What do you think the benefits of functional programming are? And how do they apply to programmers today?
What are the greatest differences between functional programming and OOP?
The style of functional programming is to describe what you want, rather than how to get it. ie: instead of creating a for-loop with an iterator variable and marching through an array doing something to each cell, you'd say the equivalent of "this label refers to a version of this array where this function has been done on all the elements."
Functional programming moves more basic programming ideas into the compiler, ideas such as list comprehensions and caching.
The biggest benefit of Functional programming is brevity, because code can be more concise. A functional program doesn't create an iterator variable to be the center of a loop, so this and other kinds of overhead are eliminated from your code.
The other major benefit is concurrency, which is easier to do with functional programming because the compiler is taking care of most of the operations which used to require manually setting up state variables (like the iterator in a loop).
Some performance benefits can be seen in the context of a single-processor as well, depending on the way the program is written, because most functional languages and extensions support lazy evaluation. In Haskell you can say "this label represents an array containing all the even numbers". Such an array is infinitely large, but you can ask for the 100,000th element of that array at any moment without having to know--at array initialization time--just what the largest value is you're going to need. The value will be calculated only when you need it, and no further.
The biggest benefit is that it's not what you're used to. Pick a language like Scheme and learn to solve problems with it, and you'll become a better programmer in languages you already know. It's like learning a second human language. You assume that others are basically a variation on your own because you have nothing to compare it with. Exposure to others, particular ones that aren't related to what you already know, is instructive.
Why Functional Programming Matters
http://www.cs.kent.ac.uk/people/staff/dat/miranda/whyfp90.pdf
Abstract
As software becomes more and more complex, it is more and
more important to structure it well. Well-structured software is easy
to write and to debug, and provides a collection of modules that can
be reused to reduce future programming costs.
In this paper we show
that two features of functional languages in particular, higher-order
functions and lazy evaluation, can contribute significantly to
modularity. As examples, we manipulate lists and trees, program
several numerical algorithms, and implement the alpha-beta heuristic
(an algorithm from Artificial Intelligence used in game-playing
programs). We conclude that since modularity is the key to successful
programming, functional programming offers important advantages for
software development.
A good starting point therefore would be to try to understand some things that are not possible in imperative languages but possible in functional languages.

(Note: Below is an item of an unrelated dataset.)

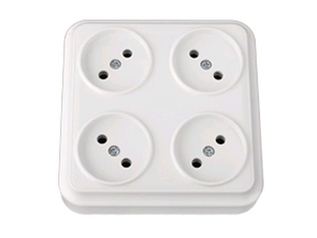 Розетка 4‑ая (открытая, б/з) белая, Вариант, BYLECTRICA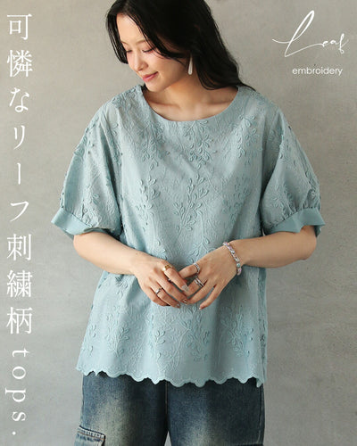 ■爽やかな淡いブルーと可憐なリーフ柄刺繍がマッチする オトナのキレイめカジュアルトップス。

If you're talking about computability, there is of course nothing that is possible in functional but not imperative programming (or vice versa).
The point of different programming paradigms isn't to make things possible that weren't possible before, it's to make things easy that were hard before.
Functional programming aims to let you more easily write programs that are concise, bug-free and parallelizable.
I think the most practical example of the need for functional programming is concurrency - functional programs are naturally thread safe and given the rise of multi core hardware this is of uttermost importance.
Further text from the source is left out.